Дельмон посмотрел на Арнольда и Бергеза. Они слушали. Профы, как правило, великолепно умеют слушать. Внимательно, не прерывая, не выражая нетерпения. Убедил ли он их? Скорее всего — нет. У каждого была своя теория «событий», выработанная и выношенная в бессонные ночи, последовавшие за первыми студенческими беспорядками, и теперь, когда Фременкур излагал свою, Арнольд и Бергез думали каждый о своей. Обмену мыслями между профами не хватает не мыслей, но обмена. Нет ни резкости, ни взаимных оскорблений. Никто не позволит себе личного выпада, формулировки отличаются осторожностью, гибкостью, но взгляды каждого уже застыли, как крем. Их привозят в Нантер и увозят обратно домой в целости и сохранности, не поколебленными ни на йоту. Учтивости хоть отбавляй, но открытости ни на грош.

Воцарилось вежливое молчание, потом Арнольд уставился на коллег своими наивными и восторженными глазами пятидесятилетнего юнца, наклонился и протянул к ним открытые ладони, точно это сообщало дополнительную убедительность его точке зрения.

— Меня поражает одно: отказ студенческого движения сформулировать свои цели и создать свою организацию. Мне кажется, что такая позиция присуща сейчас не одному студенческому движению, но шире — целому идейному течению. Возьмите структурализм, это рабочая гипотеза, которая тяготеет к исключению содержания из языка. Возьмите новый роман: это попытка изгнать из повествования персонажи и фабулу. Возьмите, наконец, студенческое движение: это стремление лишить революционный порыв организации, программы и стратегии. Во всех трех случаях вы имеете дело с валоризацией форм путем выхолащивания сути. В основе этой тенденции — безнадежность, маскируемая терроризмом или, во всяком случае, высокомерным презрением к противнику. Структурализм, новый роман, студенческое движение: три антигуманистические попытки, свидетельствующие, возможно, о том, что человек устал быть человеком.

— Мне не приходило в голову такое сближение, — сказал Фременкур, снимая очки. — Я нахожу его весьма интересным.
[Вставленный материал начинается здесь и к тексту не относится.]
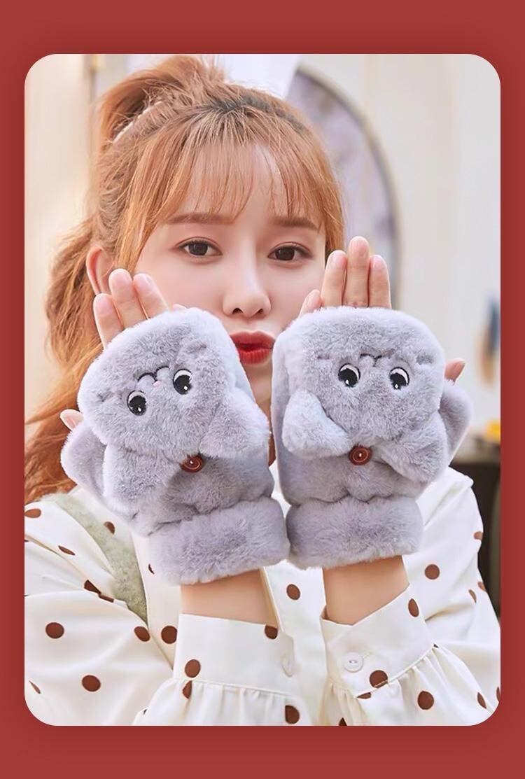 ふわふわの白猫デザインが可愛い、露指タイプのミトン手袋です。

Дельмон глядел, ничего не видя, в свой «Монд», разложенный на коленях. Ну вот, моя концепция рухнула. Тут обмен произошел на самом деле. Фременкур не отказался от своей собственной точки зрения, но сказал, что весьма заинтересован точкой зрения Арнольда. Мне, впрочем, она тоже кажется любопытной, хотя я и не согласен с его выводом. Я считаю, что революционное движение не может быть антигуманистичным даже в том случае, если оно само претендует на это.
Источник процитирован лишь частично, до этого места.